Using Plath's fascinating calendars held at the Lilly Library (Plath mss II, Box 7, folder 6), which are a set of fascinating documents for the detail they provide about Plath's daily activities between 1951 and 1957, I learned that she saw this play on Wednesday, 28 December 1955. Which is curious as both Wednesday's she was in Paris (21 December and 28 December) there was the play was not listed in the newspaper. While she was in Paris, Plath took in other cultural performances, too, including a ballet (Roland Petit's La Chambre and Le Loup) and movies (Les Carnets du Major Thompson, Vive Monsieur le Maire, and Jeanne D'Arc).
Can I digress, please? Plath's activities for these years is neither completely recorded nor available… for example there are a few instances where pages of these calendar are missing. Were they removed by Plath herself? By Aurelia Plath who had them in their Wellesley house from circa 1957-1959 until they were sold in the 1970s? By some vandalizing researcher? Going off topic... One of the more chilling moments in working with these calendars is occurs in her 1953 calendar. Firstly, there is a week missing from her time at Mademoiselle, the week of 21-27 June 1953; and then by late July when Plath had two series of shock treatments over three days (on 29 July and 31 July, noted down in truncated form as "SHOCKT"), and then into August when the busyness and the meticulous recording that I had grown accustomed to seemingly, suddenly, slows down. Penned plans turn to tentative faint pencil. The note to call her friend Marcia Brown on Monday 17 August is in hardly recognizable handwriting, which I think illustrates how serious and fragile was her condition and frame of mind at the time. Then the silence that ensues after that, from 24 August 1953 when she attempted suicide and the remainder of the year (she clearly neither had the calendar with her at the various hospitals in which she recovered, nor had any need for it). And there are two missing pages in her 1962 Royal Lett's Diary tablet held by Smith College, which Gail Crowther and I discussed from time to time in our "These Ghostly Archives" papers (links to all of them here).

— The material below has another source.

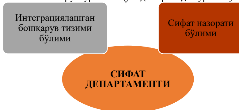
1-расм. Сифат департаменти ташкилий структураси 1

Корхонада сифат департаменти яна бир нечта бўлимларга таснифланиб, шундан фақат иккита бўлим умумишлаб чиқариш хўжалиги таркибига киради. Сифат департаментининг ташкилий структурасини қуйидаги расмда кўриш мумкин:
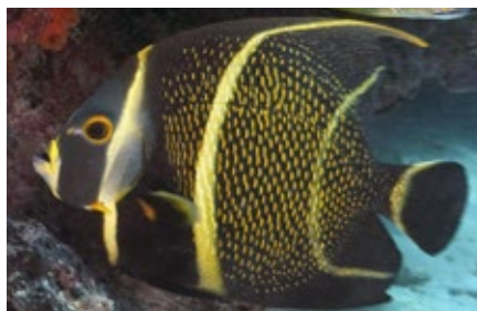
Franse keizersvis, Pomacanthus paru, intermediate, Curacao

Anyway, back to the point of this post which was the play she saw and enjoyed. Emlyn Williams (1905-1987, obituary) was a Welsh dramatist and actor. Copies of Someone Waiting, published by Heinemann in 1954, can be purchased on ABEbooks.com. Has anyone out there ever read this play or seen it performed? Did Plath ever read the physical book? I am not sure. But she enjoyed the play and you very well might, too. You can see a list of books that Plath read or owned on LibraryThing.
All links accessed 11 June 2012, 16 February 2013, 21 April, 1 May, and 8 May 2014.